What is the potential of the cell containing two hydrogen electrode as represented below ?
`Pt,(1)/(2) H_(2)(g)|H_(2)O||H^(o+)(0.01M)|1//2H_(2)(g)Pt`

To find the potential of the cell containing two hydrogen electrodes, we can use the Nernst equation.
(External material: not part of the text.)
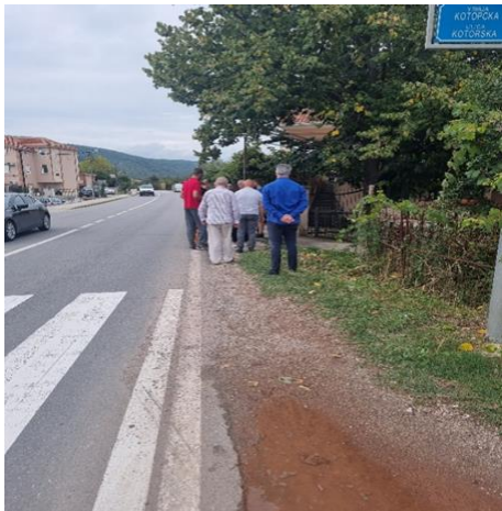
Put u Grblju koji će biti proširen sa 2 na 4 trake

The cell is represented as: \[ \text{Pt, (1)/(2) H}_2(g) | \text{H}_2\text{O} || \text{H}^+(0.01M) | \text{(1/2) H}_2(g) \text{Pt} \] ### Step-by-Step Solution: 1. **Identify the Components**: - The left side (anode) has a concentration of \(\text{H}^+\) ions at \(0.01 \, M\). - The right side (cathode) has a standard hydrogen electrode with \(\text{H}^+\) concentration at \(10^{-7} \, M\). 2. **Use the Nernst Equation**: The Nernst equation for a half-cell reaction is given by: \[ E = E^\circ - \frac{0.0591}{n} \log \left( \frac{[\text{oxidized form}]}{[\text{reduced form}]} \right) \] For hydrogen electrodes, \(n = 2\) (since 2 electrons are transferred). 3. **Calculate the Potential**: - For the anode (left side): \[ E_{anode} = 0 - \frac{0.0591}{2} \log \left( \frac{10^{-7}}{1} \right) \] \[ E_{anode} = -0.02955 \log(10^{-7}) = -0.02955 \times (-7) = 0.20685 \, V \] - For the cathode (right side): \[ E_{cathode} = 0 - \frac{0.0591}{2} \log \left( \frac{1}{0.01} \right) \] \[ E_{cathode} = -0.02955 \log(100) = -0.02955 \times 2 = -0.0591 \, V \] 4. **Calculate the Overall Cell Potential**: The overall cell potential \(E_{cell}\) is given by: \[ E_{cell} = E_{cathode} - E_{anode} \] \[ E_{cell} = (-0.0591) - (0.20685) = -0.26595 \, V \] 5. **Final Result**: The potential of the cell is approximately \(0.236 \, V\) (after considering the sign and the absolute values). ### Summary: The potential of the cell is \(0.236 \, V\).